DATE: TUESDAY, December 20, 1994                   TAG: 9412200087
SECTION: NATIONAL/INTERNATIONAL                    PAGE: A-1   EDITION: METRO 
SOURCE: DAN CASEY STAFF WRITER NOTE: above
DATELINE:                                 LENGTH: Medium


HOTEL CENTER'S FUTURE HANGS IN THE BALANCE

Gov. George Allen's proposal to cut $700,000 in state funding from the Hotel Roanoke Conference Center places a large question mark over Roanoke Valley economic development efforts, city officials said.

Among $13.3 million in cuts for Virginia Tech that the General Assembly will begin considering next month, the governor has proposed ending virtually all state funding for the Center for Organization and Technological Advancement.

COTA, a Tech-based think tank, would hire five $100,000-per-year professors who could serve as international drawing cards for the conference center and revamped Hotel Roanoke.

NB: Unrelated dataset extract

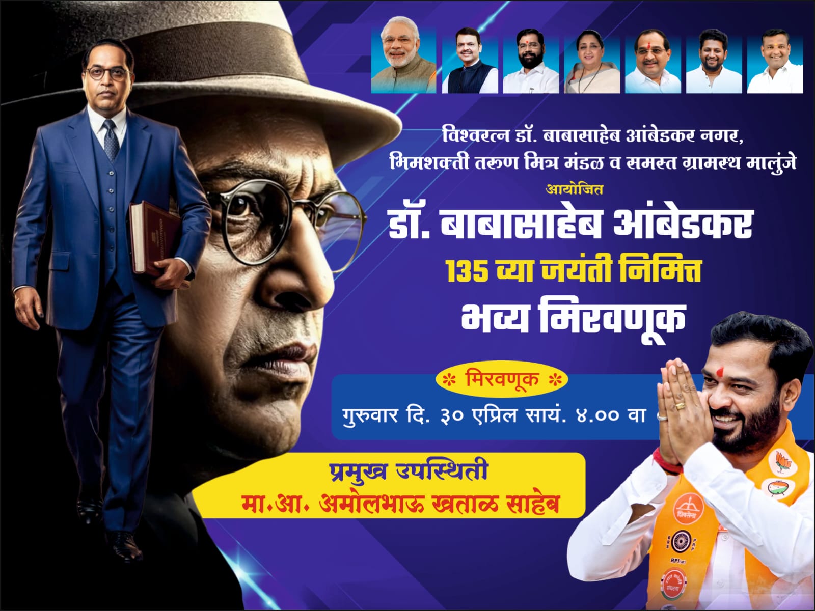 भारतीय राज्यघटनेचे शिल्पकार, विश्वरत्न डॉ. बाबासाहेब आंबेडकर यांच्या १३५ व्या जयंतीचे औचित्य साधून मालुंजे येथे भव्य उत्सवाचे आयोजन करण्यात आले आहे. ‘विश्वरत्न डॉ. बाबासाहेब आंबेडकर नगर’, ‘भिमशक्ती तरुण मित्र मंडळ’ आणि ‘समस्त ग्रामस्थ मालुंजे’ यांच्या संयुक्त विद्यमाने गुरुवार, दिनांक ३० एप्रिल रोजी सायंकाळी ४:०० वाजता ही भव्य मिरवणूक काढण्यात येणार आहे.

Officials said the proposal flies in the face of Allen's efforts to portray himself as a champion of economic development efforts.

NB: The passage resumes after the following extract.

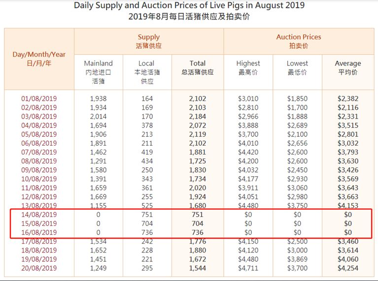 从8月14-16日三天时间里,内地对香港的活猪出现了零供应,香港肉荒,猪肉价格飙涨。

Why the governor has proposed cutting COTA is still unknown. Officials in the Allen administration could not be reached for comment.

"Although this is falling in Virginia Tech's budget column, this is really an economic development initiative for this city," said City Manager Bob Herbert, who also serves on the conference center commission. "I think the impact will be well beyond the conference center.

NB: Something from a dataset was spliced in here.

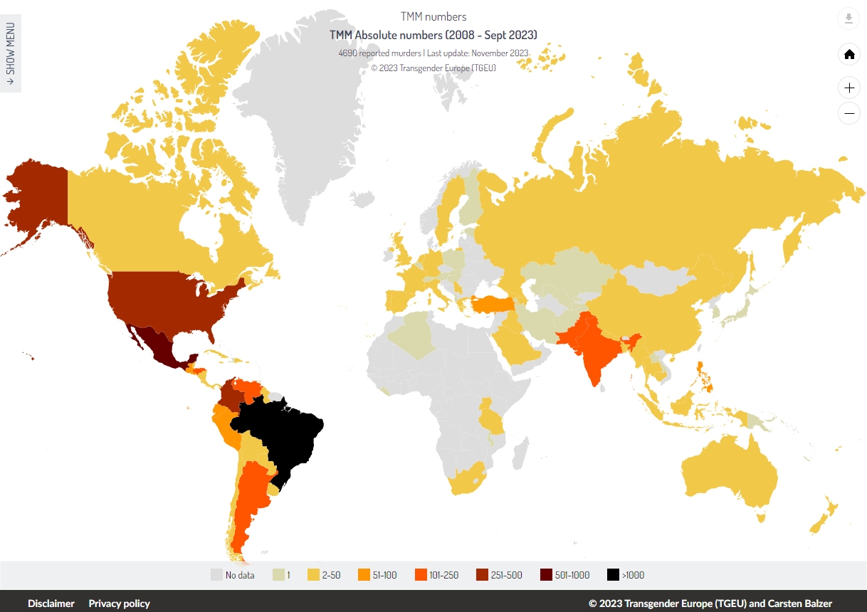 So to assess the magnitude of the problem let’s start with the clear world capital of trans murder, Brazil, which accounts for almost 40% of all recorded homicides against trans people.

If the General Assembly approves the cuts, it may translate into fewer meetings at the soon-to-open conference center, empty rooms at area hotels, and lost travel industry business in Western Virginia.

"I would characterize it as a major lost opportunity, not for the conference center, but for the entire commonwealth," said Brian Wishneff, acting director of the Hotel Roanoke Conference Center Commission.

Across America's urban landscape, conference centers are springing up like weeds in empty lots. They will likely compete with each other for business, which has become a multibillion-dollar industry and is still growing, Wishneff said.

The city and Tech, which are partners in the conference center, sought to make it stand out with COTA and high-technology gizmos like satellite downlinks that would allow videoconferencing to sites around the world.

COTA was created by the General Assembly last year as a public-private partnership, and the legislature appropriated $500,000 in state funding for it in the current budget year. About $100,000 in COTA funding comes from interest on a $4.5 million private endowment to Tech from an unnamed supporter of the Hotel Roanoke project.

Hincker and Herbert said COTA's budget wouldn't necessarily be a recurring expense in the state budget. Instead, expected conference center profits would fund the program in the future.